▶ [Your goal] Give the listing again in full and exactly, apart from its pictures.

━━━ Supplied data ━━━

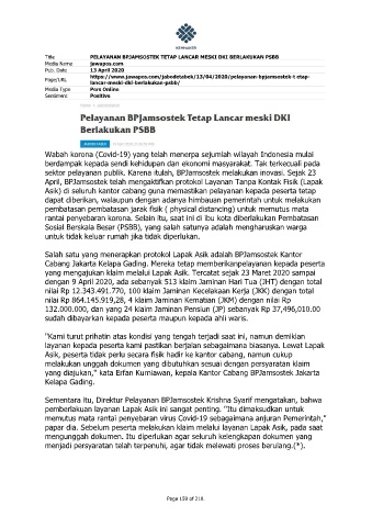 Title PELAYANAN BPJAMSOSTEK TETAP LANCAR MESKI DKI BERLAKUKAN PSBB
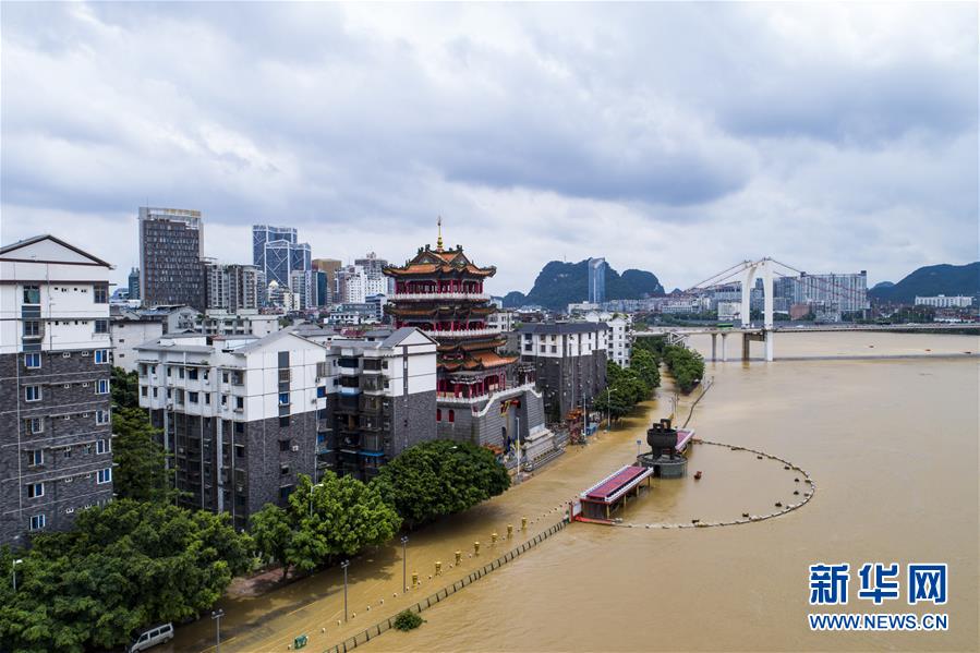 7月8日,广西柳州市滨江西路被上涨的洪水淹没(无人机拍摄)。 受持续强降雨影响,广西柳州境内的柳江水位暴涨。7月8日10时,柳江柳州水文站出现洪峰水位82.41米,接近警戒水位,柳州市区部分沿江低洼地带被淹。 新华社发(李斌 摄)
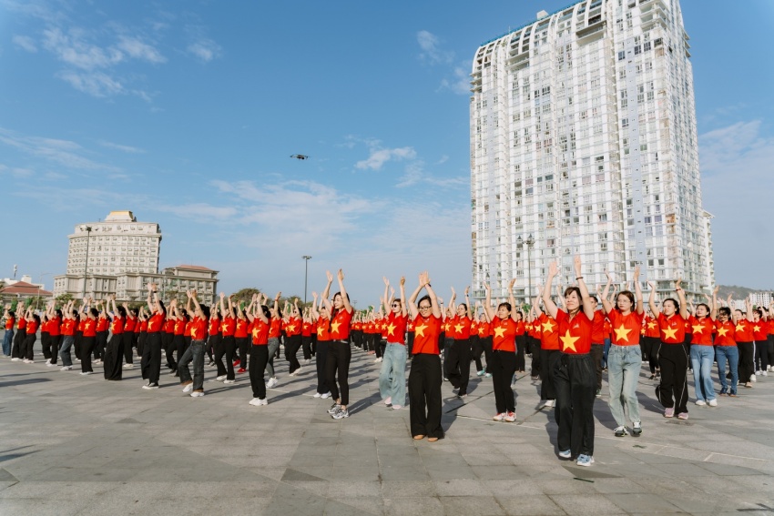 Màn đồng diễn dân vũ quy mô lớn thể hiện sự đoàn kết và niềm tự hào của những người lao động năng lượng - dầu khí hướng về quê hương, đất nước.
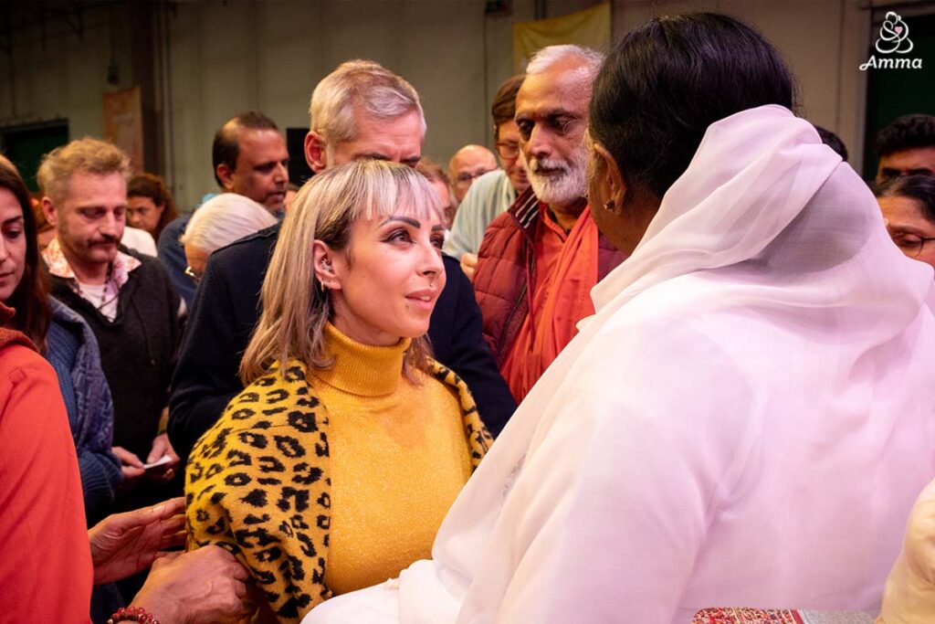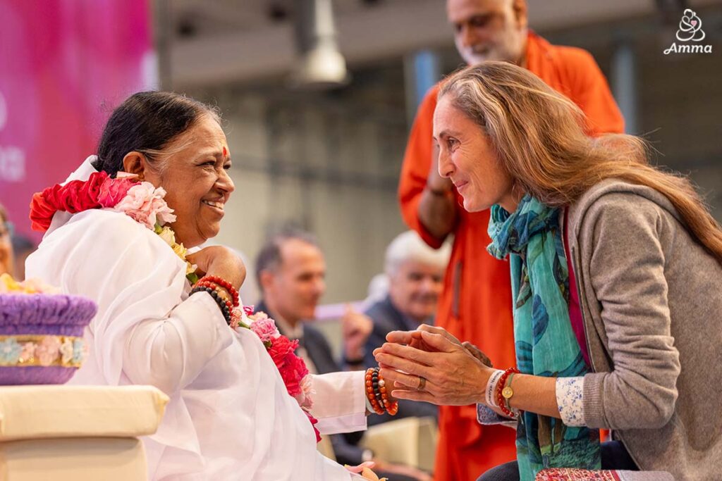 “Non so co sa dire a riguardo di Amma—le sue attività umanitarie parlano da sole. Quando la vedo mi sento profondamente toccata e commossa.” Ha detto.

━━━

▶ [Solution below]
 Title PELAYANAN BPJAMSOSTEK TETAP LANCAR MESKI DKI BERLAKUKAN PSBB
 7月8日,广西柳州市滨江西路被上涨的洪水淹没(无人机拍摄)。 受持续强降雨影响,广西柳州境内的柳江水位暴涨。7月8日10时,柳江柳州水文站出现洪峰水位82.41米,接近警戒水位,柳州市区部分沿江低洼地带被淹。 新华社发(李斌 摄)
 Màn đồng diễn dân vũ quy mô lớn thể hiện sự đoàn kết và niềm tự hào của những người lao động năng lượng - dầu khí hướng về quê hương, đất nước.
 “Non so co sa dire a riguardo di Amma—le sue attività umanitarie parlano da sole. Quando la vedo mi sento profondamente toccata e commossa.” Ha detto.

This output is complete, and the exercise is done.